• [EXERCISE INPUT]
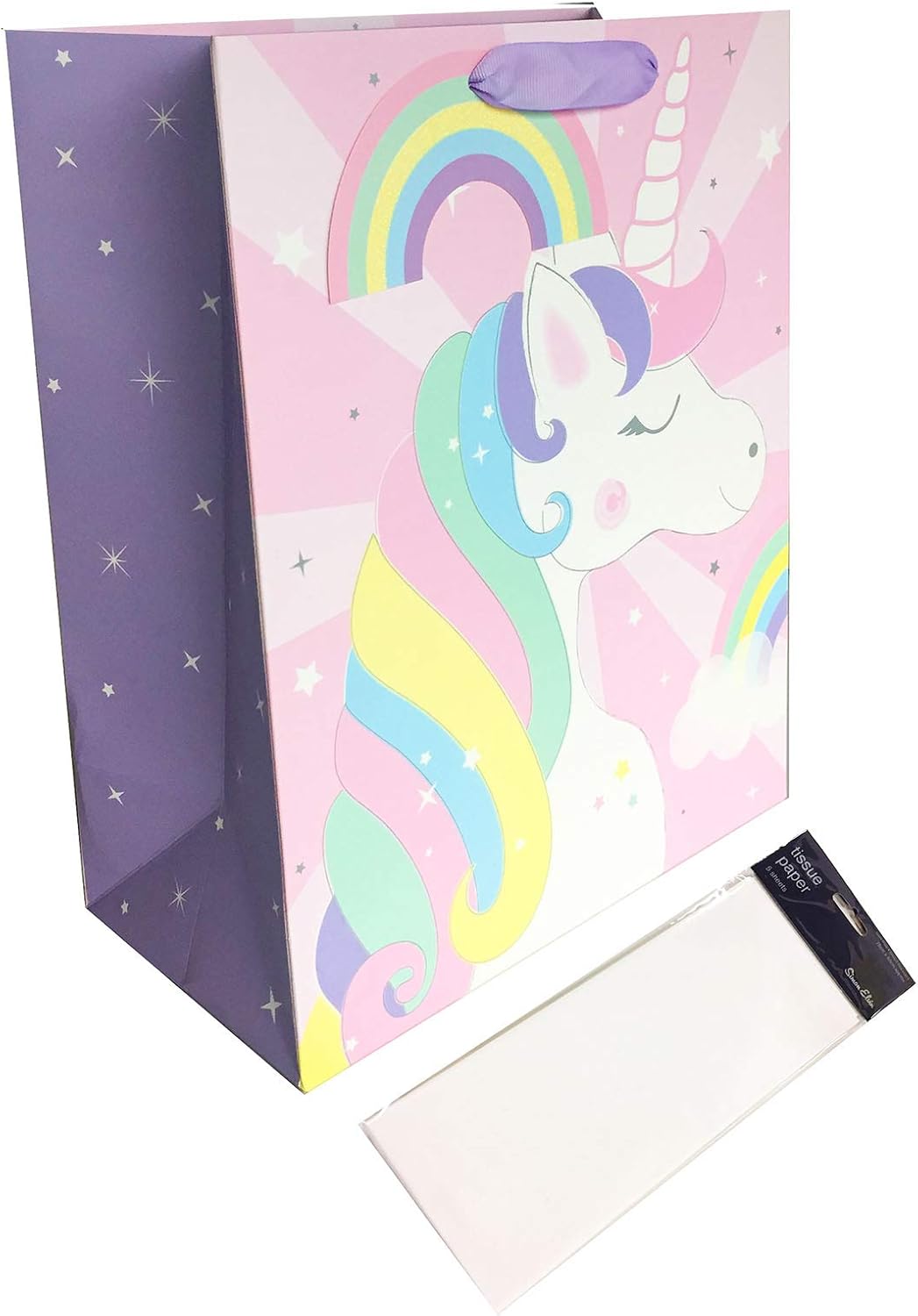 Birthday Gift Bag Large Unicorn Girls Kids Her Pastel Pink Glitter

==

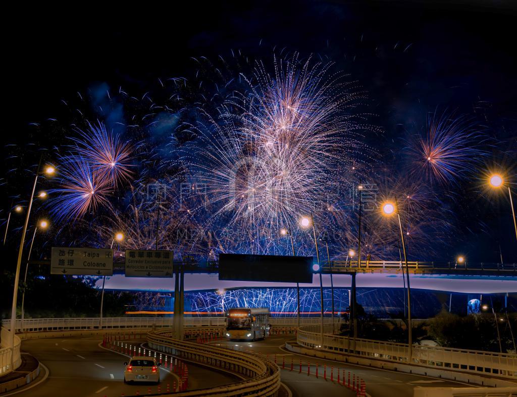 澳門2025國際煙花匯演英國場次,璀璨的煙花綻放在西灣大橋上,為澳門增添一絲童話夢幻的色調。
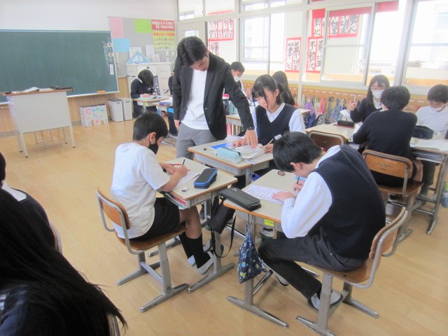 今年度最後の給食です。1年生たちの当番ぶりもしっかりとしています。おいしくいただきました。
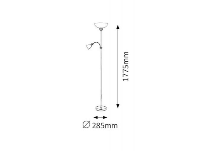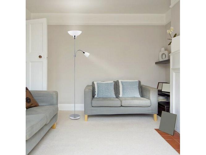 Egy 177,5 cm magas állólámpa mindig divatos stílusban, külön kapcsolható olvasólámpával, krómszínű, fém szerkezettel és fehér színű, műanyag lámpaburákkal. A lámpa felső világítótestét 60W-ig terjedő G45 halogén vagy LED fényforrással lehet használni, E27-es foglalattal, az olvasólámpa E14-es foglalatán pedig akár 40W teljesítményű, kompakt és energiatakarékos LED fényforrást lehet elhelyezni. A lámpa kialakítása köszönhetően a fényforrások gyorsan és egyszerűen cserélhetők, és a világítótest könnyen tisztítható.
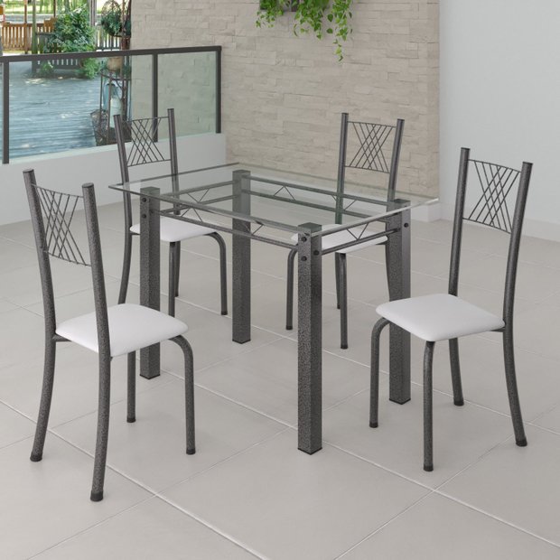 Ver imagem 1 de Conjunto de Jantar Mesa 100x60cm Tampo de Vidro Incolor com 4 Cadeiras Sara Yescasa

* * *

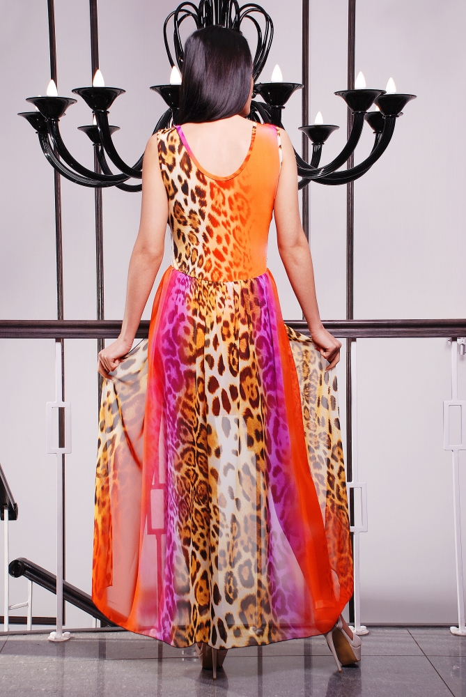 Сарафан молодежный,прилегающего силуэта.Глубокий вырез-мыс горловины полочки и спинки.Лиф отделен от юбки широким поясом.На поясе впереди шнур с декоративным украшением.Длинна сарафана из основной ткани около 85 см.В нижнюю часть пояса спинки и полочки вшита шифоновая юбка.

• [WORK TASK] Taking the material above, give again exactly the lines from the one holding "澳門2025國際煙花匯演英國" through the one holding "Egy 177,5 cm", with both ends and without pictures.

• [SOLUTION TO THIS TASK]
 澳門2025國際煙花匯演英國場次,璀璨的煙花綻放在西灣大橋上,為澳門增添一絲童話夢幻的色調。
 今年度最後の給食です。1年生たちの当番ぶりもしっかりとしています。おいしくいただきました。
 Egy 177,5 cm magas állólámpa mindig divatos stílusban, külön kapcsolható olvasólámpával, krómszínű, fém szerkezettel és fehér színű, műanyag lámpaburákkal. A lámpa felső világítótestét 60W-ig terjedő G45 halogén vagy LED fényforrással lehet használni, E27-es foglalattal, az olvasólámpa E14-es foglalatán pedig akár 40W teljesítményű, kompakt és energiatakarékos LED fényforrást lehet elhelyezni. A lámpa kialakítása köszönhetően a fényforrások gyorsan és egyszerűen cserélhetők, és a világítótest könnyen tisztítható.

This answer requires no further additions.